NPM and Directory Hardlinks

05/11/2020 — 2 Min Read — In Software

NPM is famous for generating absurdly huge node_modules directories. A bit of this is due to JS developers having a great love of tiny packages, and each package has some overhead. A bigger chunk of it is due to NPM's rather brute force approach to dependency management: absent any instruction to use npm dedup it stores one copy of a package each time the package is depended upon. Combined with the default search path node.js uses trying ./node_modules/, ../node_modules/, ../../node_modules, etc., this works well enough, for very inefficient values of “well”¹.

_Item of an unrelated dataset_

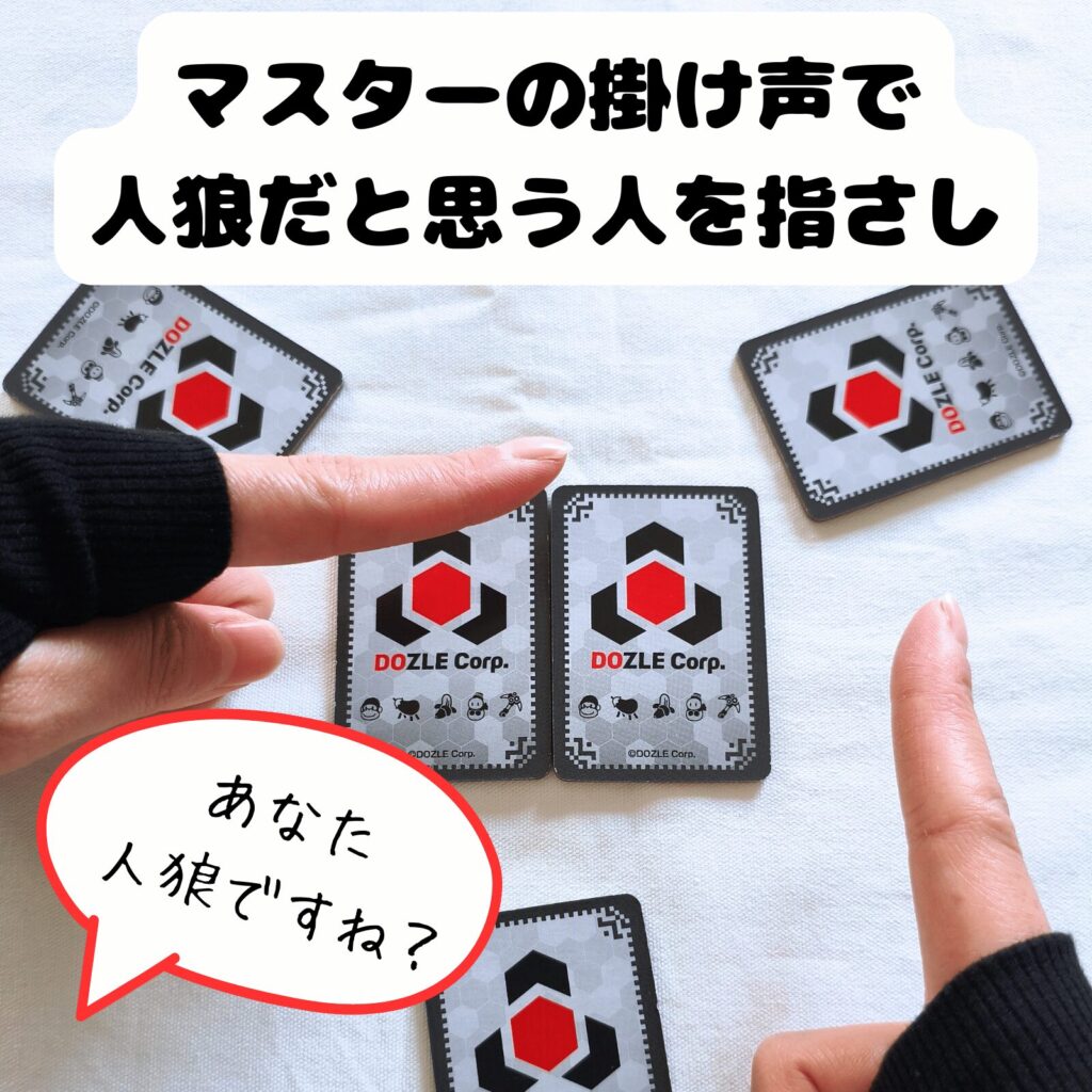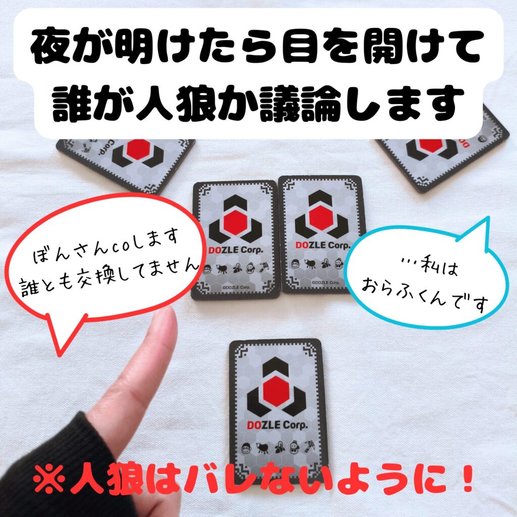 ここで自分の役職を発表したり、誰が人狼か予想したりします。もちろん嘘をつかないと人狼役はバレてしまうので、表情に出さないように気を付けましょう。

Some of this is mitigated by npm dedup, but that can probably only work intelligently for a single project, so if you have lots of them lying around (and worse, not all in a consistent place), you still have lots of redundancy. So there's a few requirements for a serious improvment:

Each package should be stored as few times as possible, preferably once for everything that uses it.
Side-by-side installations of multiple versions of the same package need to be supported—this is why NPM generates such bigness to begin with!
It should be possible to write an accurate garbage collector.
Operation of the new system should be transparent. Ideally,
1. node could keep its import resolution algorithm² intact, and
2. users wouldn't normally have to worry where their packages are going.

As far as I can tell, a major impediment to this is that neither Windows nor Unix permits directory hardlinks. WebDAV does, but nobody uses WebDAV as the basis for an OS filesystem API³. In turn, there's two obvious limitations to adding directory hardlinks to POSIX (which technically allows them, but doesn't really say how they should work).

The .. directory entry exists.
Only empty directories can be deleted.

The second item is easy to deal with: Allow unlink() to work on directories with two or more links (fds don't count for this). The first is only easy to deal with if we don't care about .. producing useless results (which it already arguably does once symlinks get involved) or breaking compatibility by ditching .. and . altogether. But let us assume this is fine.

Once we have directory hardlinks, it becomes possible to very efficiently deduplicate across all projects on the same volume (well, hardlink scope). First, we establish a package cache someplace, say, storing $version of $package in $XDG_DATA_DIR/npm/packages/$package/$version. Then, we make a rule that a package's node_modules directory contains hardlinks to the cache. Say a package depends on react-dom version 17.0.1, calling npm install would execute the equivalent of ln node_modules/react-dom $XDG_DATA_DIR/npm/packages/react-dom/17.0.1, noting the lack of -s.

This way, each version package is stored exactly once, and we can easily find out which ones are unused: they have a link count of exactly one. To collect garbage, just keep deleting them until no more have such a link count.

It's a bad idea to check in your node_modules if you want to do that, and people do want to do that. Git has no concept of hardlinks, so although the content-addressable nature of its storage layer ensures deduplication occurs, the deduplication will become duplication on checkout and we'll be back where we started. The obvious solution is to use symbolic links instead of hard ones and place the package cache inside the repo, node_modules_vendor perhaps. That we lose refcounts by using symlinks isn't much of a problem because nothing outside is referring to it.

node.js and V8 don't, as far as I know, deduplicate modules at load time at all, and it'd be rather weird if they deduplicated the instantiation of the module. At best they could reuse the AST, bytecode, and so forth, like can be done with individual functions.↩
I don't like every detail of that algorithm, in particular that you have to say import 'foo/index.mjs' in ES6 mode, but that's another story.↩
I half suspect this is because it's neither POSIX nor Windows like in the fine detail. This is also another post or two on its own, possibly one of those “Falsehoods programmers believe about X” ones, and a polemic decrying Unix fans for being narrow-minded.↩